Zakia Nassar

Personal information
- Full name: Zakiya Nassar
- Nationality: Palestine
- Born: April 2, 1987 (age 39) Bethlehem, Palestine
- Height: 1.62 m (5 ft 4 in)

Sport
- Sport: Swimming
- Strokes: Freestyle

= Zakiya Nassar =

Palestinian swimmer

Zakiya Nassar, sometimes spelled "Zakia" (زكية نصار), born April 2, 1987, in Bethlehem, Palestine), is an Olympic swimmer from Palestine.

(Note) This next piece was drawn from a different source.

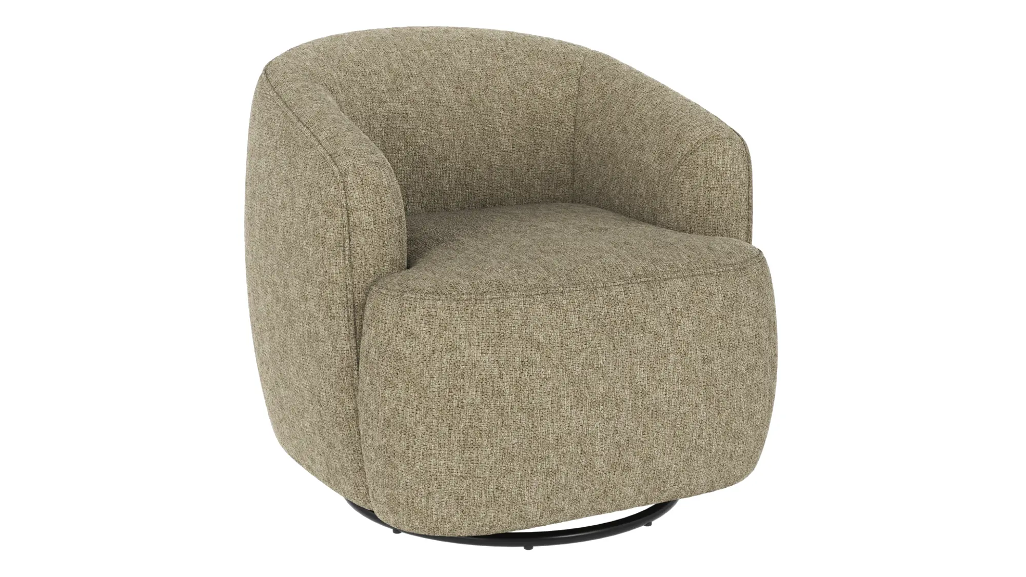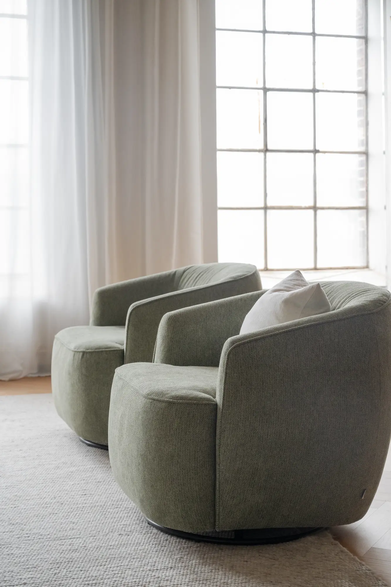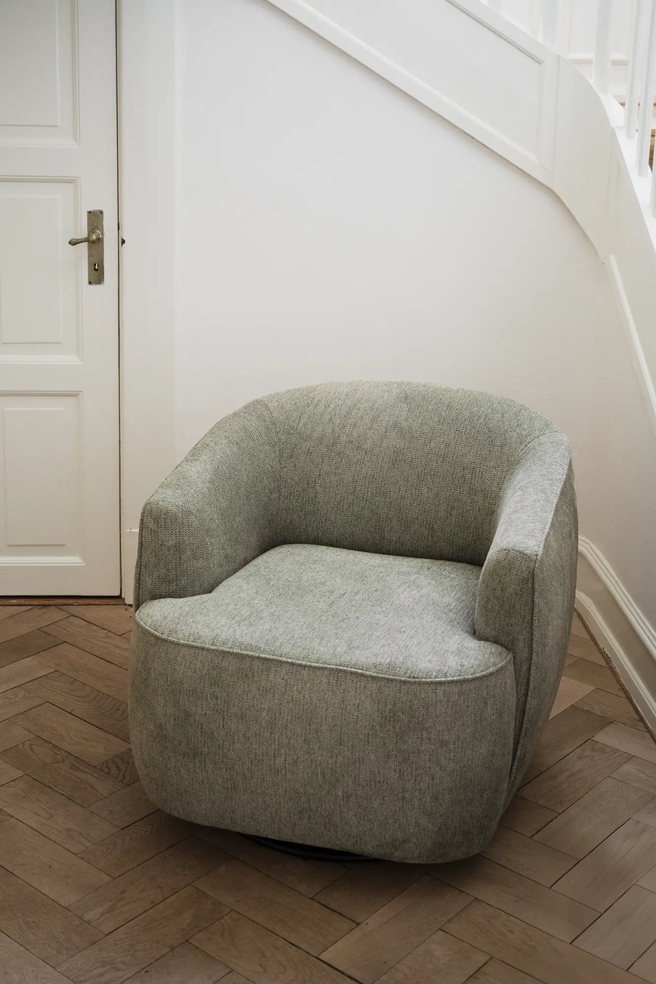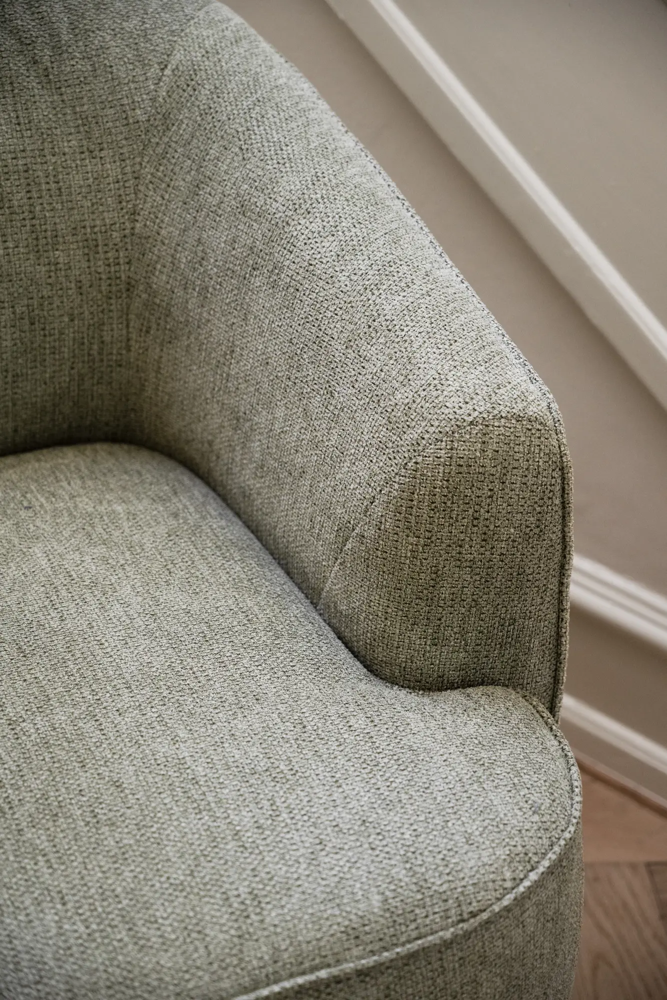Dermot fåtölj Max #55 grön är en stoppad fåtölj med mjuka, runda former och dekorativa textilsömmar. Fåtöljen erbjuder en fantastisk sittkomfort och har en 360-graders snurr- samt gungfunktion. Dermot finns även med fasta ben utan snurr- och gungfunktionen.

She represented Palestine at the 2008 Summer Olympics in Beijing. In the lead-up to the Games, her coach, relayed by the media, commented that Nassar faced severe difficulties in training, due to her lack of access to a suitable swimming pool. The Globe and Mail reported that "[t]here is no Olympic-sized pool in the Palestinian territories and no budget to speak of for the Palestinian Olympic swimmers". Nassar told the media that she was receiving no support from the Palestinian authorities, that she was able to swim once a month "at best", and that she feared a disastrous performance in Beijing. The Israeli authorities subsequently granted her authorisation to swim in a pool in Jerusalem.

Nassar won her heat in the 50 metre freestyle event, but her time of 31.97 was not sufficient for her to advance to the next round.

Nassar lives in Bethlehem and, as of 2008, was studying dentistry at the Arab American University in Jenin.